Procedure Codes and Modifiers
78429 78429 (TC) 78429 (26) 78430 78430 (TC) 78430 (26) 78431 78431 (TC) 78431 (26) 78432 78432 (TC) 78432 (26) 78433 78433 (TC) 78433 (26) 78434 78434 (TC) 78434 (26) 78459 78459 (TC) 78459 (26) 78491 78491 (TC) 78491 (26) 78492 78492 (TC) 78492 (26) 78830 78830 (TC) 78830 (26) 78831 78831 (TC) 78831 (26) 78832 78832 (TC) 78832 (26) 78835 78835 (TC) 78835 (26) The following orthodontic procedure codes being added to the MA Program Fee Schedule will require prior authorization under section 443.6(b)(5) of the code:
Procedure Codes
D8703 D8704 Fiscal Impact
The estimated cost for Fiscal Year (FY) 2020-2021 is $1.705 million ($0.815 million in State funds). The estimated cost for FY 2021-2022 is $2.045 million ($0.977 million in State funds).
Public Comment
Interested persons are invited to submit written comments regarding this notice to the Department of Human Services, Office of Medical Assistance Programs, c/o Deputy Secretary's Office, Attention: Regulations Coordinator, Room 515, Health and Welfare Building, Harrisburg, PA 17120. Comments received will be reviewed and considered for any subsequent revisions to the MA Program Fee Schedule.
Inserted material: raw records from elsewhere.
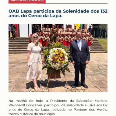 Na manhã de hoje (06.02) a Presidente da Subseção, Mariana Weinhardt Gonçalves, participou da solenidade alusiva aos 132 anos do Cerco da Lapa, realizada no Panteon dos Heróis, marco histórico do município. A OAB Lapa agradece o convite e a oportunidade de participar deste importante momento de valorização da história,...
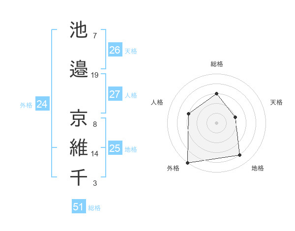 池邉 京維千さんの総格は51画の3点!
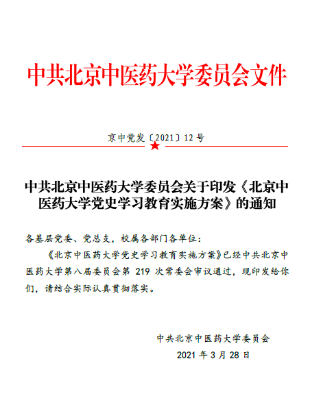 学校将党史学习教育与党委理论中心组学习紧密结合。在《北京中医药大学党委理论学习中心组2021年学习计划》中,明确列出党史学习专题。
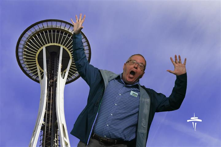 The Space Needle does that thing where they ask visitors to stand in front of a green screen to be electronically superimposed onto different backgrounds (it's free there, which it isn't most places). Since I was alone and didn't care, I asked the photographer if I could do something odd. She was game. Later, when scrolling through possible backgrounds, I saw this one, guffawed, and knew I'd found my match. You take one wrong step . . .
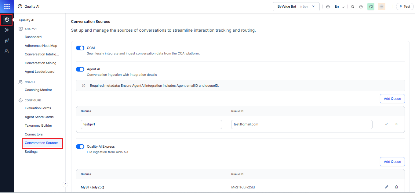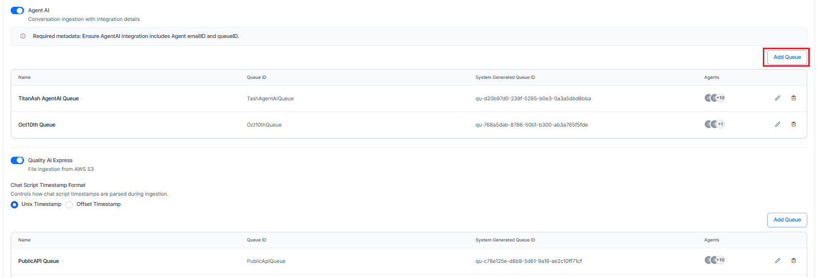 Configure queues for Agent AI and Quality AI Express sources to route conversations correctly. Queue configuration appears only for Agent AI or Quality AI Express deployments.
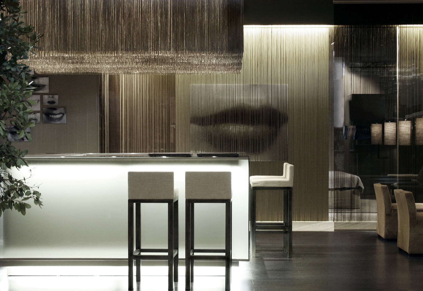Cage bar stool from the Italian manufacturer Meridiani. Legs, frame - natural wood. Upholstery - textiles. The model is made in modern style. Colours in stock.
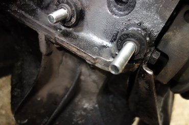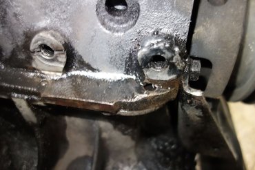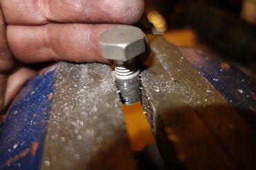 Először azért biztonságból vágtam tőcsavart a generátorállvány belső csavarjához is. Ez egy nyitott lyuk, tehát a tőcsavart be lehet tekerni annyira, hogy beesik a motorba, ezért középen elkalapáltam, hogy a végén ráhajtott anya ne csavarja túlságosan be. Menetrögzítőt is használtam, részben, hogy a csavar biztosan bent maradjon, részben pedig, hogy az olajszivárgásokat elkerüljem.
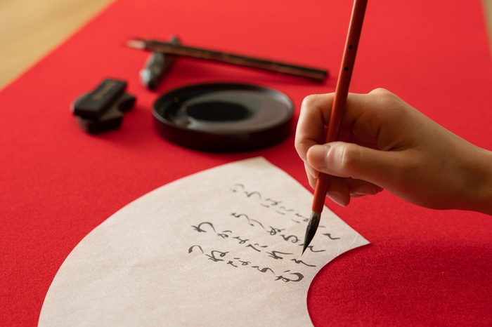 ご当地の文化を体験する「ご当地楽」として、「大人の墨あそび」をおこなっています。山口県の伝統工芸「赤間硯」で墨をすり、芳香を感じ、墨の良さを実際に体験し、扇形の型紙に自身の思いを綴ります。江戸時代、献上品として赤間硯が使われており、原料となる採石用の山は藩主の命があった時のみ採掘がおこなわれていました。長州藩の名産として簡単に手に入れることができなかったこの硯は、粒子が細かく、発色や伸びが良い墨汁を得ることができる為、松下村塾の師でもある吉田松陰も愛用していた、と言われています。
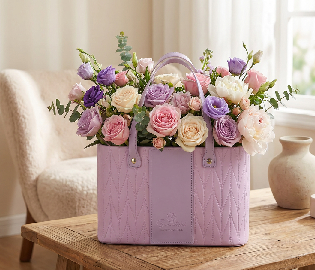 Коробка для цветов "Изысканная простота" 24,5*14*14,5, 1 шт., светло-сиреневый
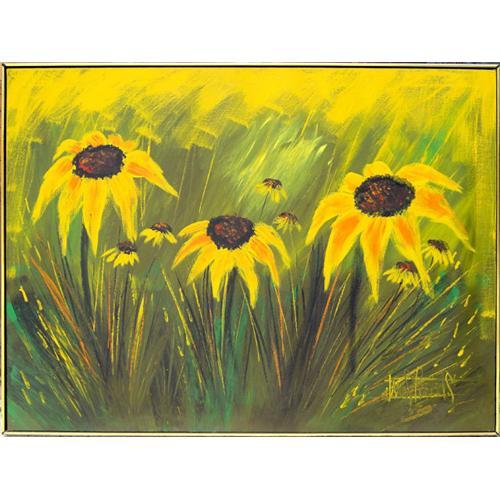 AN ORIGINAL OIL PAINTING OF A FIELD OF BLACK-EYED SUSAN FLOWERS<P>An original oil painting created in the 1960's or 1970's of a field of black-eyed susan flowers in an abstract expressionistic style. The flowers explode like fireworks before the viewer in a primary palette of greens and yellows. The composition is quite interesting in this painting. Three flowers focus the observer's attention, leading the eye into an almost endless expanse of flowers fading into the distance. <p>The artist has signed this work at the lower right, 'James Roberts'. This large painting is over 4 feet wide by 3 feet high. Condition is excellent. The painting is bordered by a very thin gilt metallic finished frame of the period.
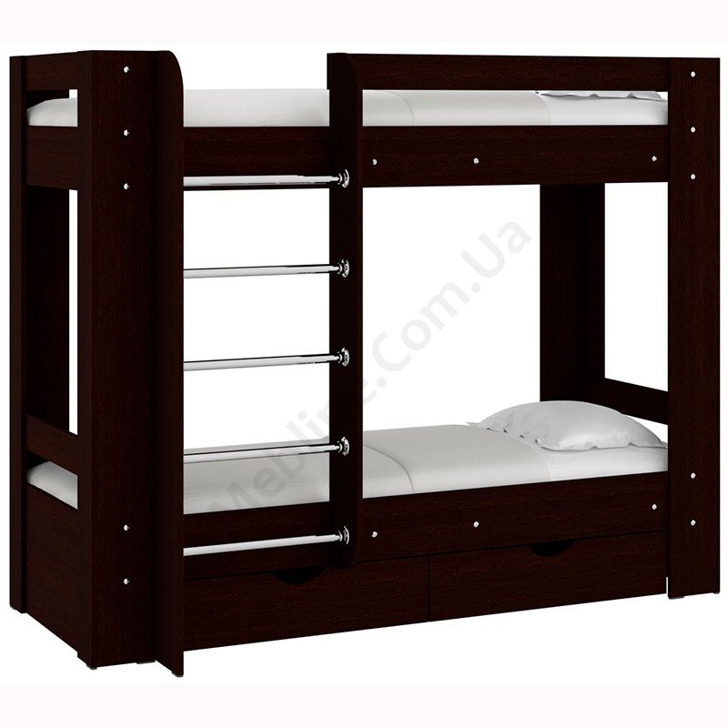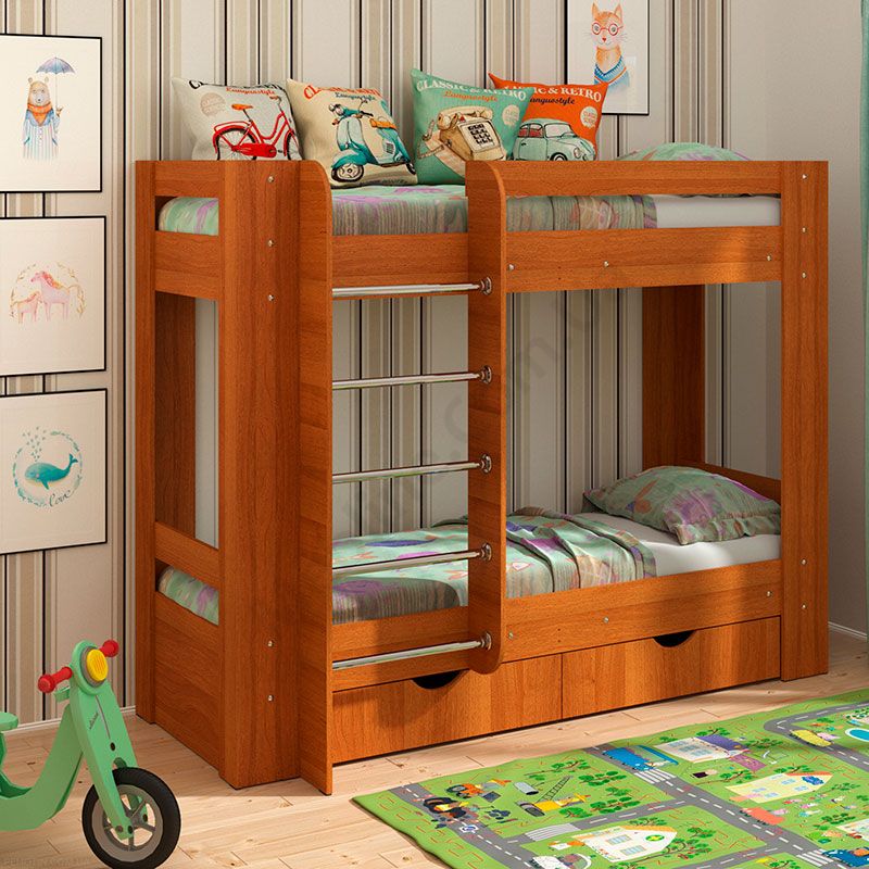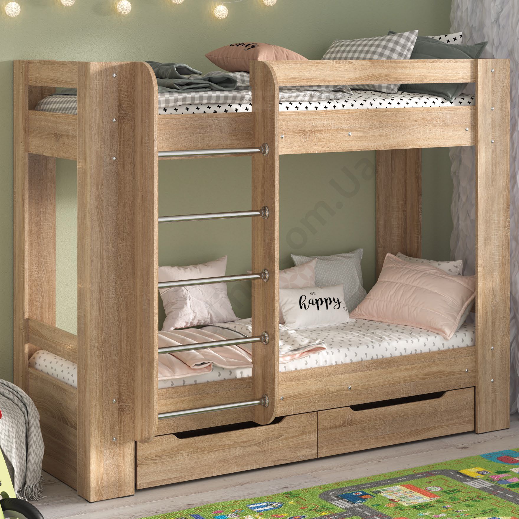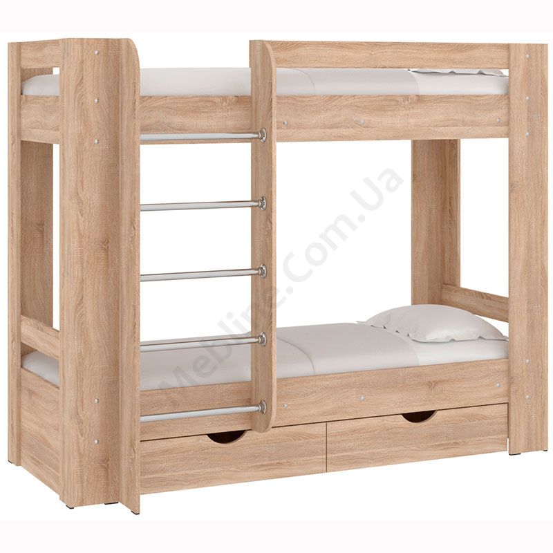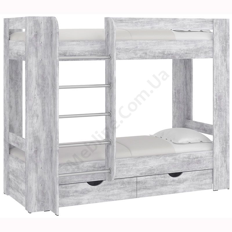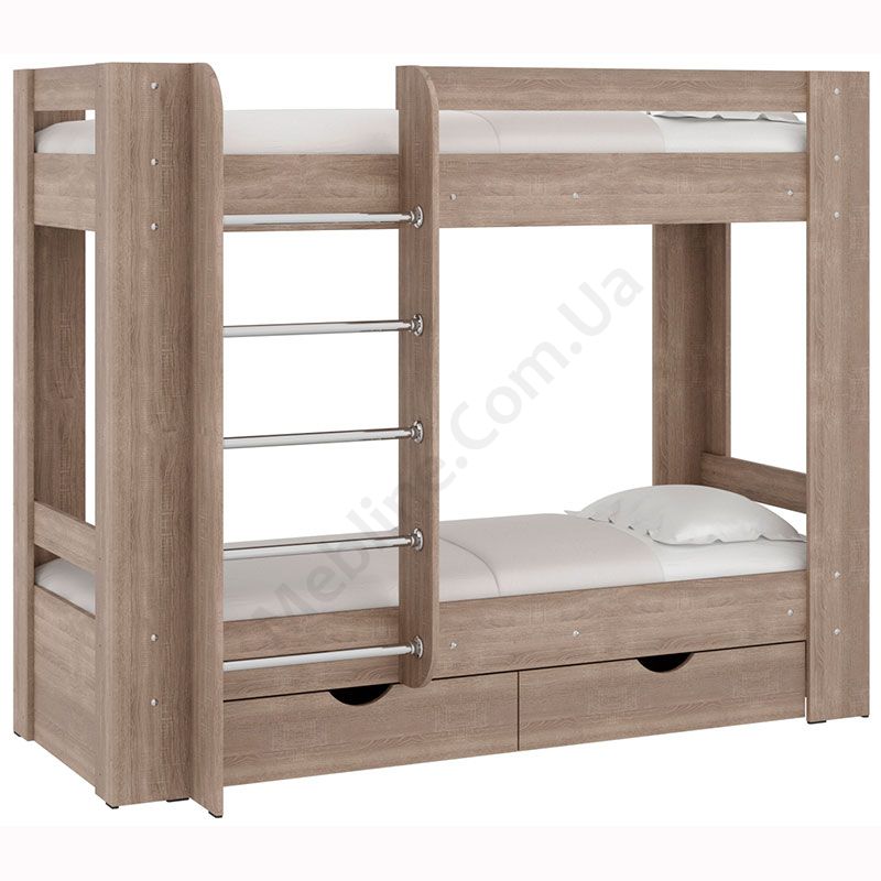 Двох’ярусне ліжко зі сходами і шухлядами для зберігання.
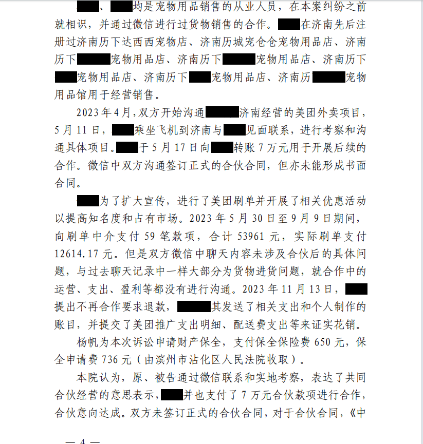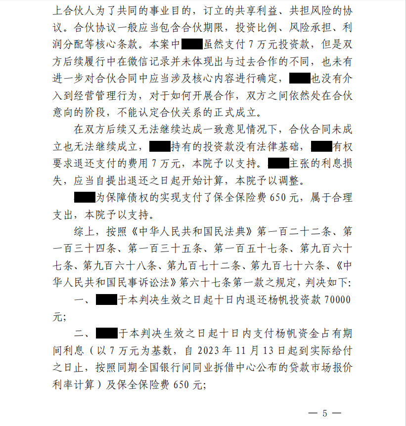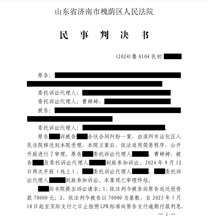 曹婷婷律师代理原告胜诉:合伙关系未成立,法院判决被告全额返还7万元投资款并支付利息。
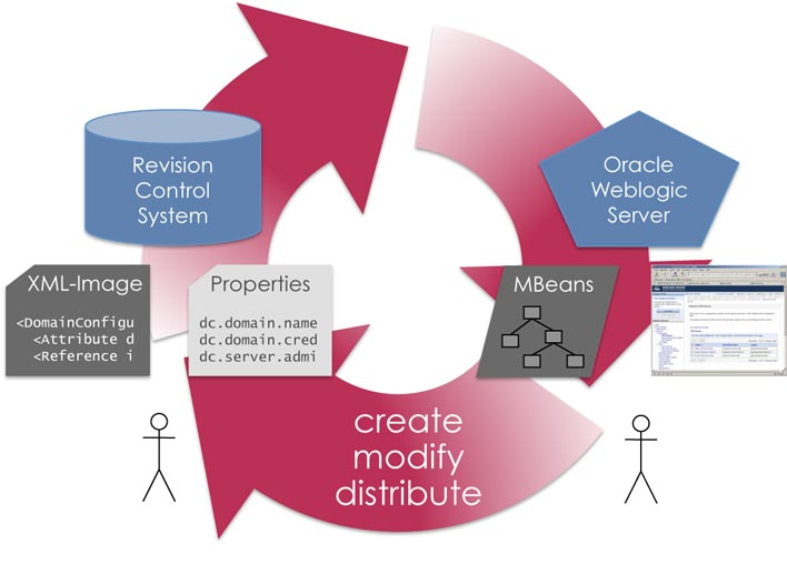Automation of the whole process for the provision of an Oracle Weblogic domain configuration consists of a multitude of procedural steps, both from a semantic as well as a syntactic perspective, in combination with the required artifacts, programmatically reducible to a single command line call, enables execution in the shortest time possible with consistently high quality and reproducibility.
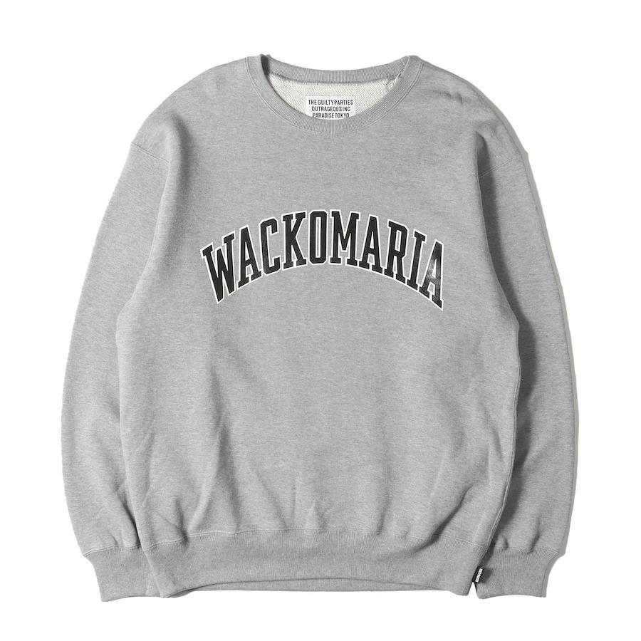 WACKO MARIA Men's Arch Logo Crew Neck Sweatshirt, Size L, 2024 Spring/Summer Collection, Gray, Size L, K4617
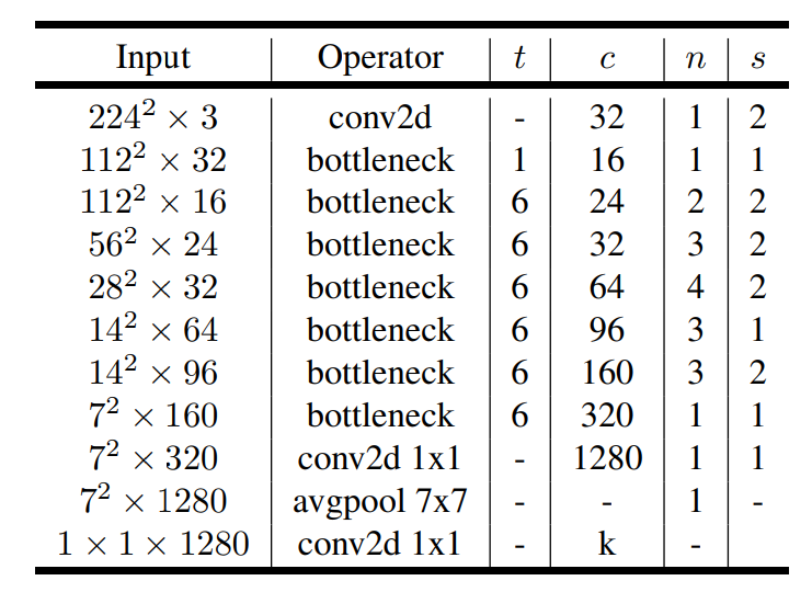 MobileNet-v2 网络结构
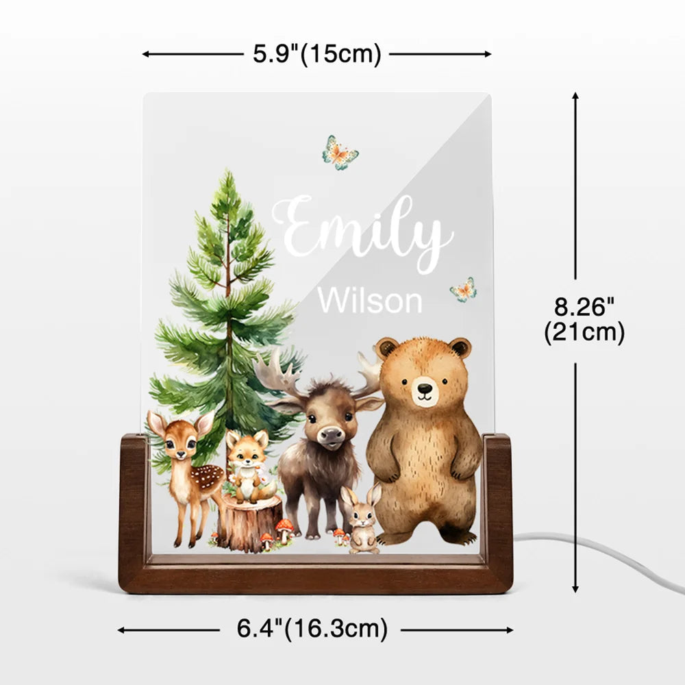 Personalized Cute Deer Fox Forest Animals Acrylic LED Night Light with Wooden Base and Name Birthday Anniversary Gift for Family Children
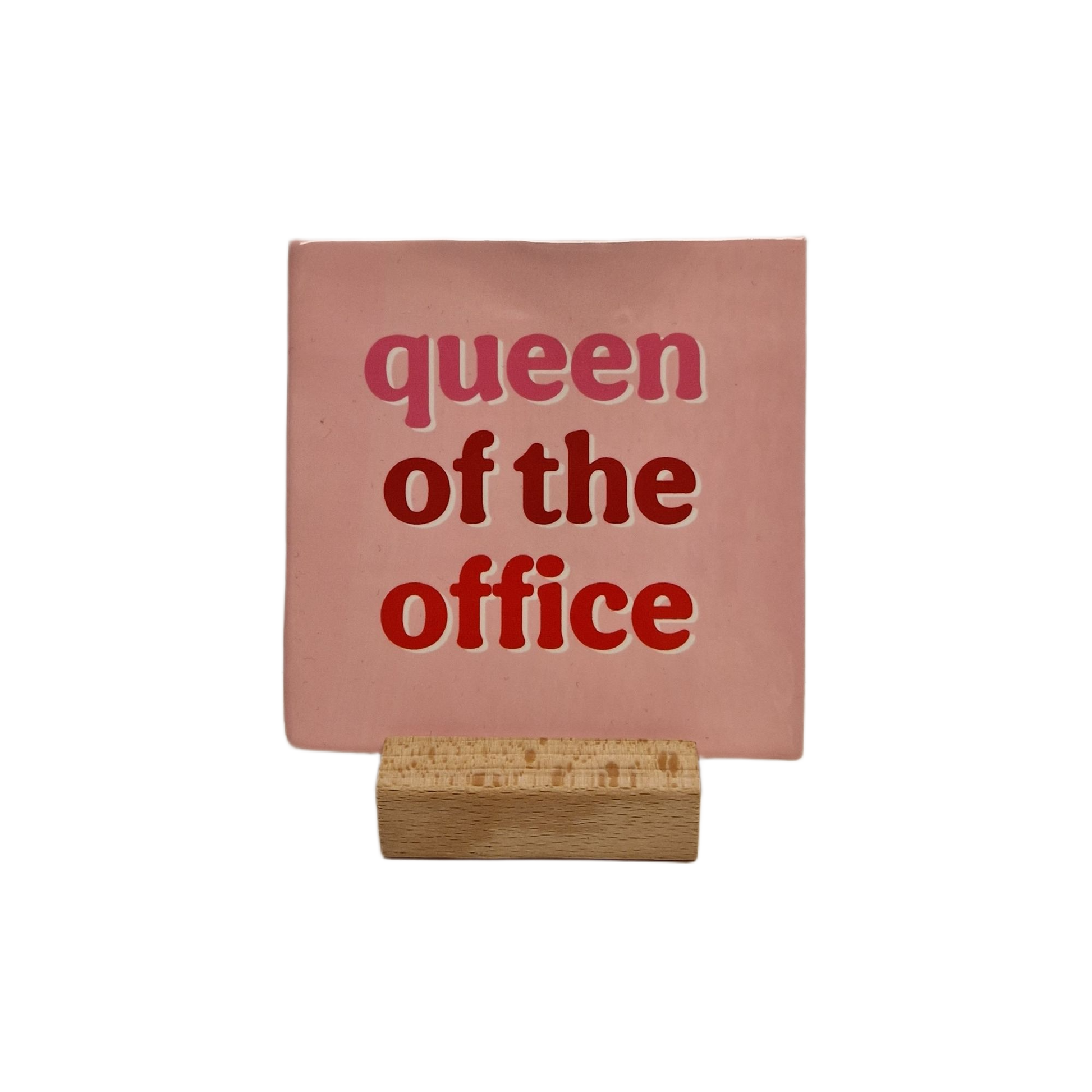 Een uniek decoratief item dat impact maakt in iedere ruimte. Zeer geschikt als cadeau voor een echte office queen. Iedere tegel wordt geleverd inclusief houten presentatieblok. Leuk om te krijgen, nog leuker om te geven!
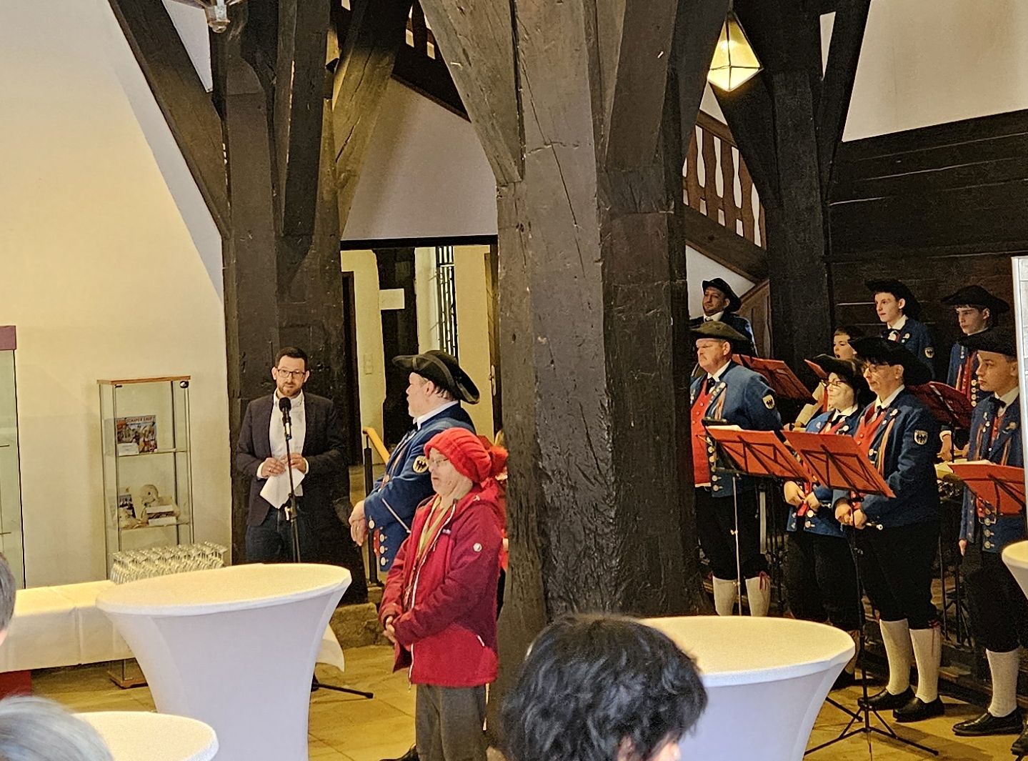 Nach einem kurzen Platzkonzert auf dem Marktplatz wurde die feierliche Eröffnung der Ausstellung im Rathaus begangen, auch hier begleitet durch die Klänge des Spielmannszuges. Bürgermeister Jens Hübner, Schirmherr des Jubiläums, würdigte das Engagement des Spielmannszuges. In seiner Rede hob er den Stellenwert dieser Sparte des Musikvereins für die Stadt Markgröningen hervor und bekräftigte, wie wichtig ihm persönlich die musikalischen Einsätze des Spielmannszuges, z.B. das Wecken am Schäferlauf, sei. Eine solch lange Geschichte eines Vereins sei nur möglich durch das Engagement vieler. So würdigte Alexander Mandel auch das Engagement der vielen Ehrenamtlichen im Laufe der Geschichte und aktuell den Einsatz von Jacqueline Pinto Almeida als Spartenleiterin und Georg ter Voert jun. als musikalischen Leiter.

Persons with a disability who require an auxiliary aid or service may submit comments using the Pennsylvania AT&T Relay Service (800) 654-5984 (TDD users) or (800) 654-5988 (voice users).
TERESA D. MILLER,
SecretaryFiscal Note: 14-NOT-1391. (1) General Fund; (2) Implementing Year 2019-20 is $0; (3) 1st Succeeding Year 2020-21 is $815,000; 2nd Succeeding Year 2021-22 through 5th Succeeding Year 2024-25 are $977,000; (4) 2018-19 Program—$342,544,000; 2017-18 Program—$477,690,000; 2016-17 Program—$450,970,000; (7) MA—Fee-for-Service; (8) recommends adoption. There is no fiscal impact in the current fiscal year.
[Pa.B. Doc. No. 20-695. Filed for public inspection May 22, 2020, 9:00 a.m.]